Instructions to follow — Word for word, please copy the line containing "At the opposite" and all lines after it in the entries below, and only those, leaving every picture out.

- - - -

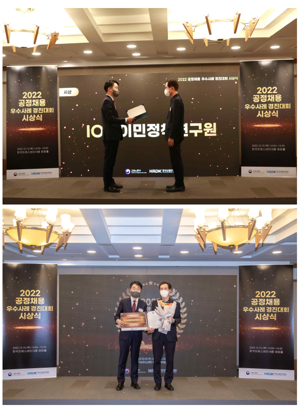 ○ 2022년 12월 15일, 서울 중구 프레스센터에서 개최된 '2022 공정채용 우수사례 경진대회 시상식'에는 손홍기 부원장이 참석하여 상장을 수여하였습니다.
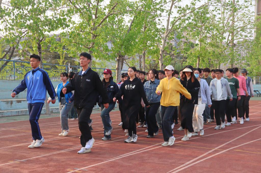 4月14日,公司学工办主任、团委书记洒艳及部分辅导员到操场指导运动会开幕式方队训练。
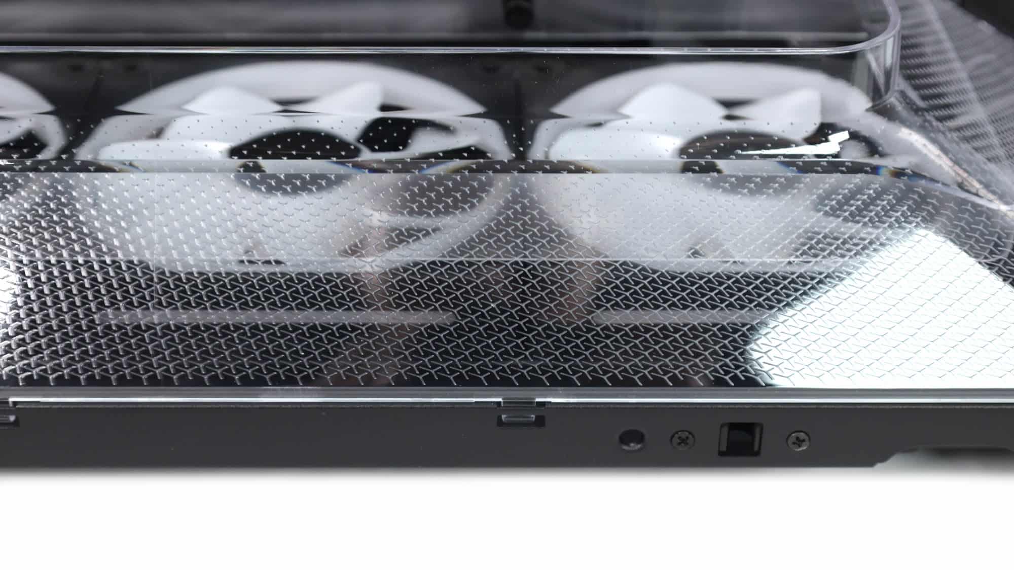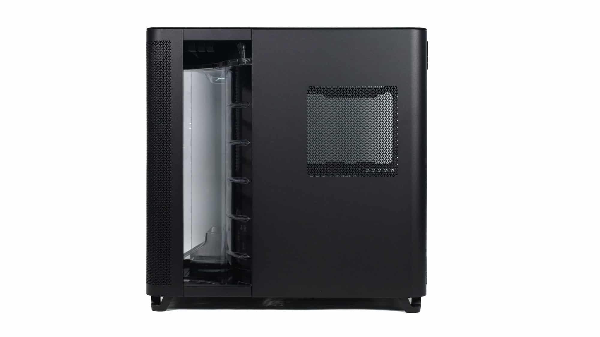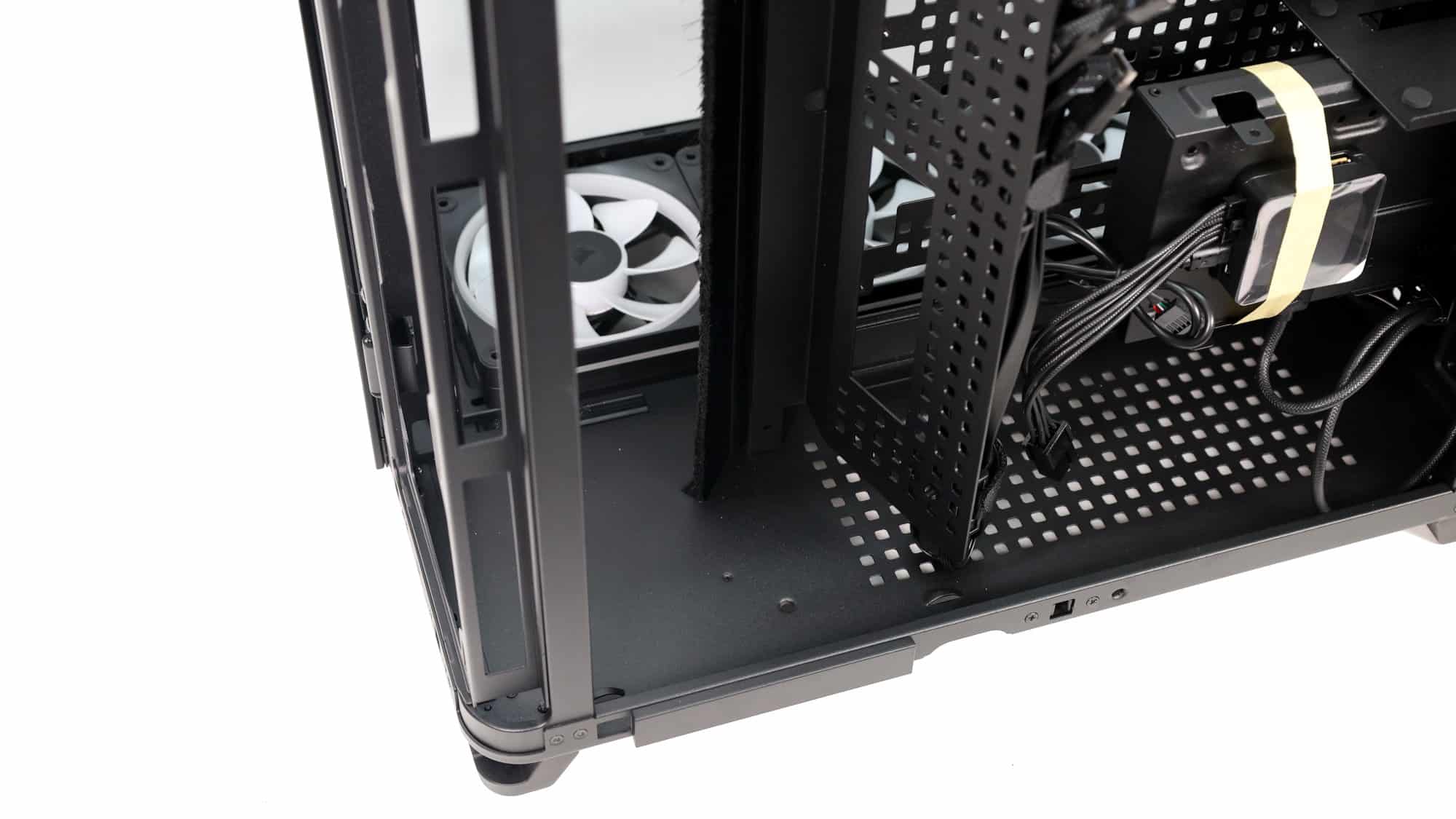 At the opposite end, there’s a filter for the bottom-mounted fans, an unfiltered opening for air circulation in the secondary chamber, indentations for easy side-panel removal, and four removable feet. The filter slides out from the side. While front access would have been ideal, this makes sense for a chassis designed to serve as a centerpiece, where side access is easier.
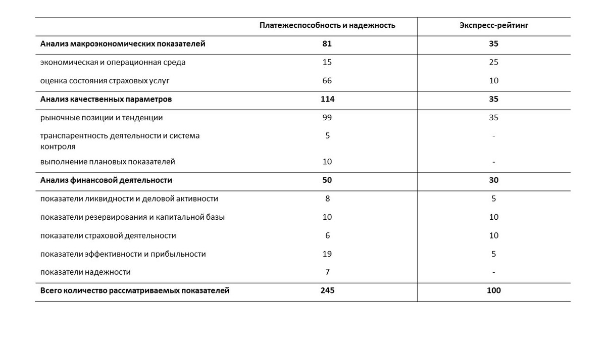 У РА SNS Ratings существуют два вида рейтингового анализа для страховых компаний. Полноценный анализ — рейтинг платежеспособности и надежности и краткий анализ — экспресс-рейтинг. Главной целью рейтингового анализа является отслеживание динамики значимых показателей финансового состояния компании и сравнение их реальных значений с нормативами. Если глубокий анализ дает возможность изучить и оценить эффективность деятельности по 250 показателям, то экспресс-анализ позволяет определить положение дел при рассмотрении лишь по 100 показателям.
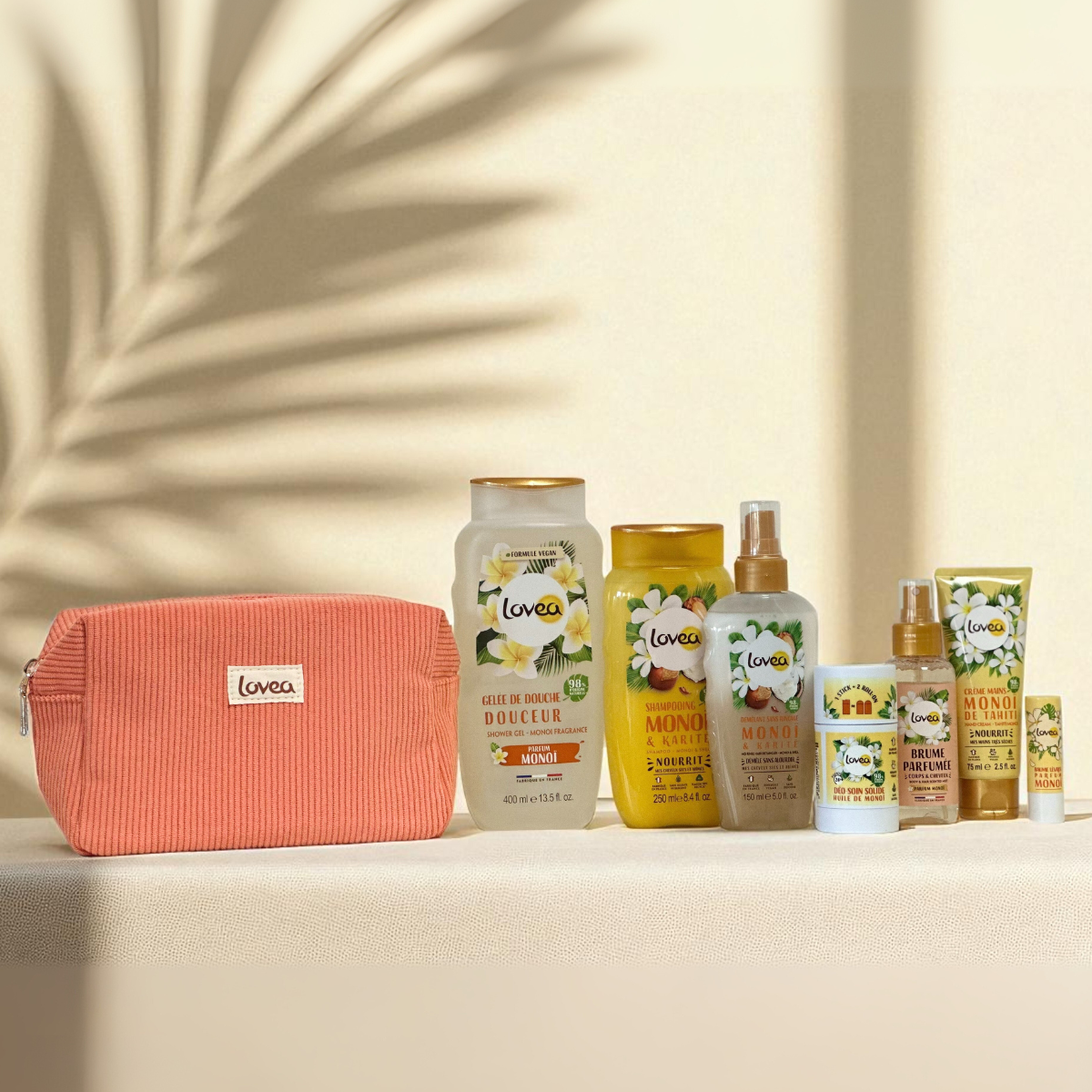 La Trousse Essentiels Beauté Lovea, présentée dans une jolie trousse en velours côtelé, réunit une sélection de soins parfumés au Monoï pour prendre soin de la peau et des cheveux au quotidien, dans une routine sensorielle et ensoleillée.
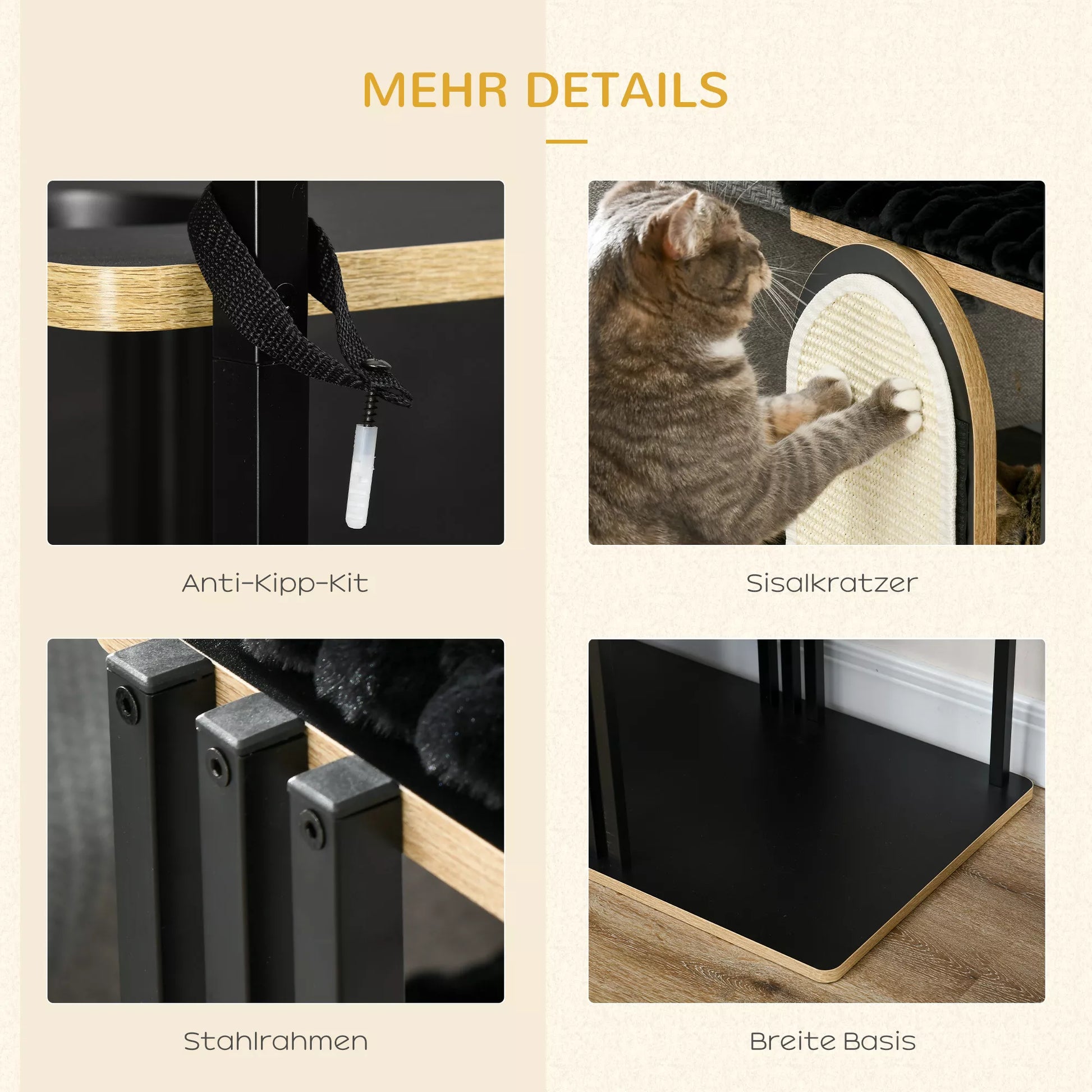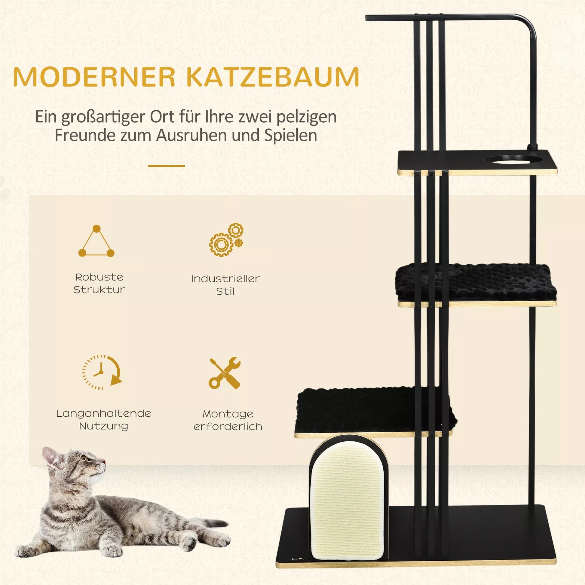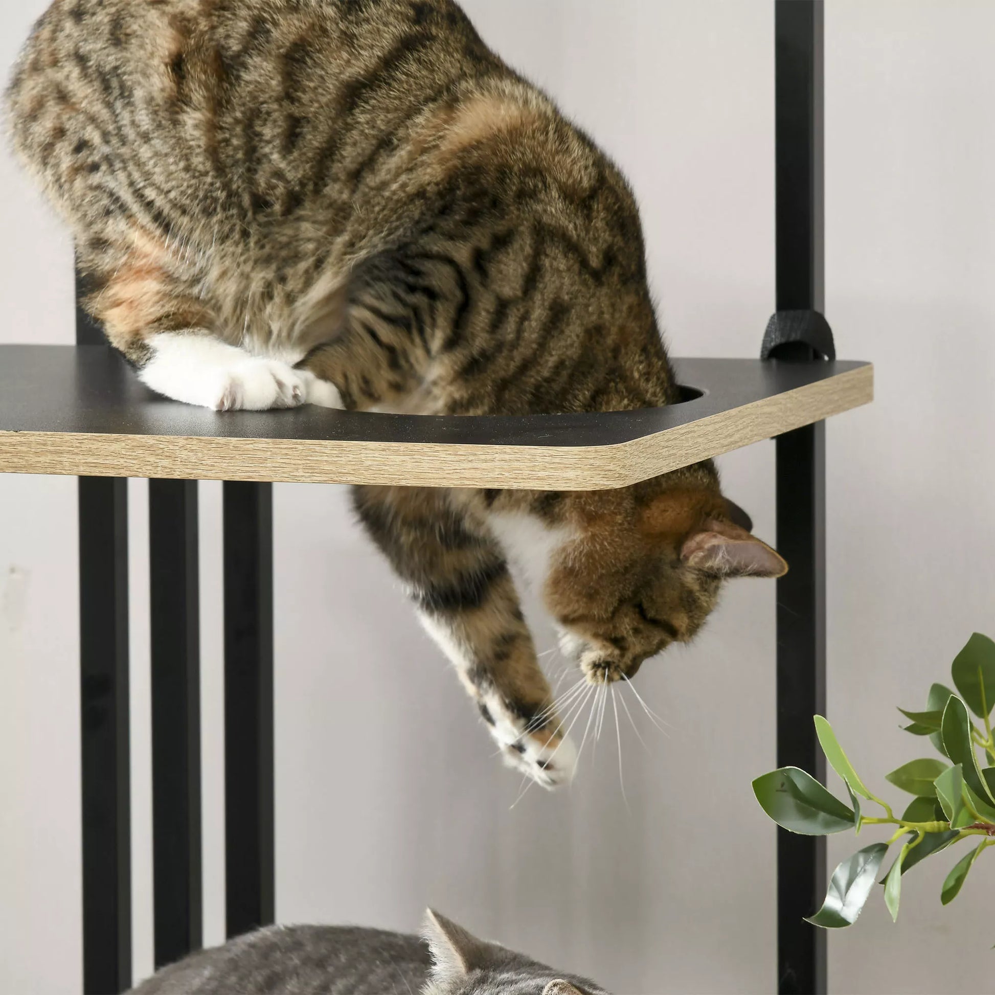 Kaķu māja, industriāls dizains, 3 platformas, 2 guļampapīri, skrāpējamā siena, tērauda rāmis, melna, 85 x 48 x 170 cm

- - - -

Result —
 At the opposite end, there’s a filter for the bottom-mounted fans, an unfiltered opening for air circulation in the secondary chamber, indentations for easy side-panel removal, and four removable feet. The filter slides out from the side. While front access would have been ideal, this makes sense for a chassis designed to serve as a centerpiece, where side access is easier.
 У РА SNS Ratings существуют два вида рейтингового анализа для страховых компаний. Полноценный анализ — рейтинг платежеспособности и надежности и краткий анализ — экспресс-рейтинг. Главной целью рейтингового анализа является отслеживание динамики значимых показателей финансового состояния компании и сравнение их реальных значений с нормативами. Если глубокий анализ дает возможность изучить и оценить эффективность деятельности по 250 показателям, то экспресс-анализ позволяет определить положение дел при рассмотрении лишь по 100 показателям.
 La Trousse Essentiels Beauté Lovea, présentée dans une jolie trousse en velours côtelé, réunit une sélection de soins parfumés au Monoï pour prendre soin de la peau et des cheveux au quotidien, dans une routine sensorielle et ensoleillée.
 Kaķu māja, industriāls dizains, 3 platformas, 2 guļampapīri, skrāpējamā siena, tērauda rāmis, melna, 85 x 48 x 170 cm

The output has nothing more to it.